Six of the 34 anti-Trump candidates are running for seats in the Senate. They include Sen. John McCain of Arizona and Sen. Rob Portman of Ohio, who are locked in tight races to retain their seats but have taken a slight edge in the polls.

In July 2015, Trump, giving rise to one of the first controversies of his campaign, said that McCain, the 2008 Republican presidential nominee and a Vietnam veteran who spent over five years as a prisoner of war, was “not a war hero” and that he likes people “who weren’t captured.”

Of the other Republican Senate candidates opposed to Trump, Sen. Kelly Ayotte of New Hampshire and Joe Heck, running to replace Democratic Sen. Harry Reid in Nevada, find themselves in races rated as toss-ups. Sen. Mark Kirk of Illinois, an outspoken critic of Trump, is facing a stiff challenge from Rep. Tammy Duckworth. Their state is rated as leaning Democratic.

Sen. Mike Lee of Utah is the only Republican in a safe race who has voiced his intention not to vote for the New York real estate mogul. Both Sen. Mike Crapo of Idaho, whose seat is also rated "Solid Republican" and Sen. Deb Fischer of Nebraska, who is not up for reelection, recently reversed their position. The two flip-flopped and pledged a ballot for Trump after rescinding their support earlier in the month.

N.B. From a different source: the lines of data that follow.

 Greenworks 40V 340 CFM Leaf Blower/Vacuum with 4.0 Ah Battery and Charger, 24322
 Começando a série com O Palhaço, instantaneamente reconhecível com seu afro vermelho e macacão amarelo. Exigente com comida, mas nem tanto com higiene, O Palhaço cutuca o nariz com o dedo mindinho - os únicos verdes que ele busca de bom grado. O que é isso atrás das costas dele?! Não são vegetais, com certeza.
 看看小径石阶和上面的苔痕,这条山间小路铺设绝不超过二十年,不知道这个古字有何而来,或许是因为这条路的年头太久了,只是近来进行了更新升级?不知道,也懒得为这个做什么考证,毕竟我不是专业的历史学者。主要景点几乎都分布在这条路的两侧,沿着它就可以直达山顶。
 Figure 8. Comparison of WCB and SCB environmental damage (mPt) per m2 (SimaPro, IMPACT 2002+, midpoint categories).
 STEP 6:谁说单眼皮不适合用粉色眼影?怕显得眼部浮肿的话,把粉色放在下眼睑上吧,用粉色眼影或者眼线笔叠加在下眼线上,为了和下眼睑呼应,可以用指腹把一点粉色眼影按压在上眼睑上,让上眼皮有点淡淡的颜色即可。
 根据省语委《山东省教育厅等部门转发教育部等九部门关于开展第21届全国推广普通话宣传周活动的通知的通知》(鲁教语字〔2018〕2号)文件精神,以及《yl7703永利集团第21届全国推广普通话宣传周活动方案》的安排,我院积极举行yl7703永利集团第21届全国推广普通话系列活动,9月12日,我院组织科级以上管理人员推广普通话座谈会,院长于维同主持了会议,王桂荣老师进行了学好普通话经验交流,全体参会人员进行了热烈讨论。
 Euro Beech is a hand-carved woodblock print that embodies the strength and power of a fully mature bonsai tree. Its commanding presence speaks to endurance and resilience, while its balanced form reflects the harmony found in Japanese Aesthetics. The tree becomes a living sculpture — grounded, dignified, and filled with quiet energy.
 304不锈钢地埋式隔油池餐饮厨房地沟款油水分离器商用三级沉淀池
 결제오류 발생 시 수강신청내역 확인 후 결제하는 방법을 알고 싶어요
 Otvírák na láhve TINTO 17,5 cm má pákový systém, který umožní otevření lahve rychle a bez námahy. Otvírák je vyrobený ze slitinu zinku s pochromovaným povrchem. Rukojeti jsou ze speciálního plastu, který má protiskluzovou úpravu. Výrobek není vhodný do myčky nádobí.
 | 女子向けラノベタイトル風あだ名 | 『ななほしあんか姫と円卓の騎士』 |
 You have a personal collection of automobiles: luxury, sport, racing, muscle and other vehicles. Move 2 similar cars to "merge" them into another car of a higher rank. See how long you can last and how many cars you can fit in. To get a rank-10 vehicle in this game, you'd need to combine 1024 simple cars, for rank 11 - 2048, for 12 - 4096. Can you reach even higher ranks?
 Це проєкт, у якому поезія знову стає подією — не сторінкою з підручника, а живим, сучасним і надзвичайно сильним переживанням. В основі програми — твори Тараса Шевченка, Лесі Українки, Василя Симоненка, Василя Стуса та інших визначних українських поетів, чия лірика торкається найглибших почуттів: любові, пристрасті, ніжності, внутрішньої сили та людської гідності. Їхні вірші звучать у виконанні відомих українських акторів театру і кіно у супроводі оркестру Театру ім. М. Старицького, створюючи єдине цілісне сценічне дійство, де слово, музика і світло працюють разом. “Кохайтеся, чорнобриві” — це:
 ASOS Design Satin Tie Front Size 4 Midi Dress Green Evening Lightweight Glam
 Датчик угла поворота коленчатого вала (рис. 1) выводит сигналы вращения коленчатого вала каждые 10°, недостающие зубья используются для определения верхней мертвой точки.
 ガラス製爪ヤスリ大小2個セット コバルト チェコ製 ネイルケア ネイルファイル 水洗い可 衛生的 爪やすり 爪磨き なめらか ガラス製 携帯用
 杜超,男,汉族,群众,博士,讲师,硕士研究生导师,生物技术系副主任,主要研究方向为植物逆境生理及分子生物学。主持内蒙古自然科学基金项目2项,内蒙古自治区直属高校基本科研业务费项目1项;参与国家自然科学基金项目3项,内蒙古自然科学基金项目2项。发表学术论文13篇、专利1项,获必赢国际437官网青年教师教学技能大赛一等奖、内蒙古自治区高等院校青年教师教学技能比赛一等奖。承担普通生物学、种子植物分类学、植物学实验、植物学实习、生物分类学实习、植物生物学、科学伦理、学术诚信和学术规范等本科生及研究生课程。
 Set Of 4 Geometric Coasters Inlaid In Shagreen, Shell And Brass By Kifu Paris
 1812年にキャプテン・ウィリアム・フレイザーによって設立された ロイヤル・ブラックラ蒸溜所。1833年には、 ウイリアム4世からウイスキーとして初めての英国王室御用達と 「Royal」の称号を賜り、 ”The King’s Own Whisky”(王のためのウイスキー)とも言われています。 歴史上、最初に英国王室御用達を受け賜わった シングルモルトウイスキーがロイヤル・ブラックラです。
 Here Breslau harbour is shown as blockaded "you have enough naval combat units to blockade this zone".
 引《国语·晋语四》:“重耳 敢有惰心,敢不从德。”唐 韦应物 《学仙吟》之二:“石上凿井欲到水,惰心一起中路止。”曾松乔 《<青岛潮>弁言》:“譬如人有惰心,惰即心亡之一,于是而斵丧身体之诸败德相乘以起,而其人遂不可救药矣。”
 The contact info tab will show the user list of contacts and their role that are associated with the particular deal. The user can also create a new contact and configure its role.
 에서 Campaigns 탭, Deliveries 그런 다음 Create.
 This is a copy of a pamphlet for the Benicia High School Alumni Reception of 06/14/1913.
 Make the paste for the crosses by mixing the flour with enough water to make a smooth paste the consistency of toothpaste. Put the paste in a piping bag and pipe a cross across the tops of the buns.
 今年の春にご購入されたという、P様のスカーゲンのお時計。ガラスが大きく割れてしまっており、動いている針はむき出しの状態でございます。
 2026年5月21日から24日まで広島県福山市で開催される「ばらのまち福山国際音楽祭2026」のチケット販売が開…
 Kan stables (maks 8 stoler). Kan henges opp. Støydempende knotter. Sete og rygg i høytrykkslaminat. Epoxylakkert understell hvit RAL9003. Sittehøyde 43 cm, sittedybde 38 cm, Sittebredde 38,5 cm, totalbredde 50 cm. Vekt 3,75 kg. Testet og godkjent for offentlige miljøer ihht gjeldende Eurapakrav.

In House of Representatives races, candidates’ stances on Trump appear to be directly tied to the competitiveness of their districts. Of the 10 Republican incumbents running for re-election in congressional districts rated as toss-ups by ABC News, seven have pledged not to vote for Trump.

Each of the seven races looked competitive before the candidates disavowed support for their party’s presidential nominee, indicating that a rebuke of Trump was not the cause of the representative’s electoral trouble but perhaps a way to attract votes from independents and across party lines.

The majority of the seven races feature first-term representatives who benefited from Republicans’ strong showing in the 2014 midterm elections, as well as Rep. Scott Garrett of New Jersey, a seven-term congressman whose state appears increasingly likely to back Democrat Hillary Clinton at the top of the ballot by a wide margin.

As for other representatives who have turned away from Trump, the two best known are from Utah, whose large Mormon population has expressed widespread disapproval of him. Rep. Jason Chaffetz, the chairman of the House Committee on Oversight and Government Reform, whose 3rd Congressional District is safe, and Rep. Mia Love of Utah’s 4th Congressional District — rated leaning Republican by ABC News — both Mormons, have said they will not vote for Trump.

They join Lee, one of their state’s U.S. senators, as well as Utah Gov. Gary Herbert, in pledging not to vote for Trump. Utah is rated by ABC News as a toss-up in the presidential race ratings.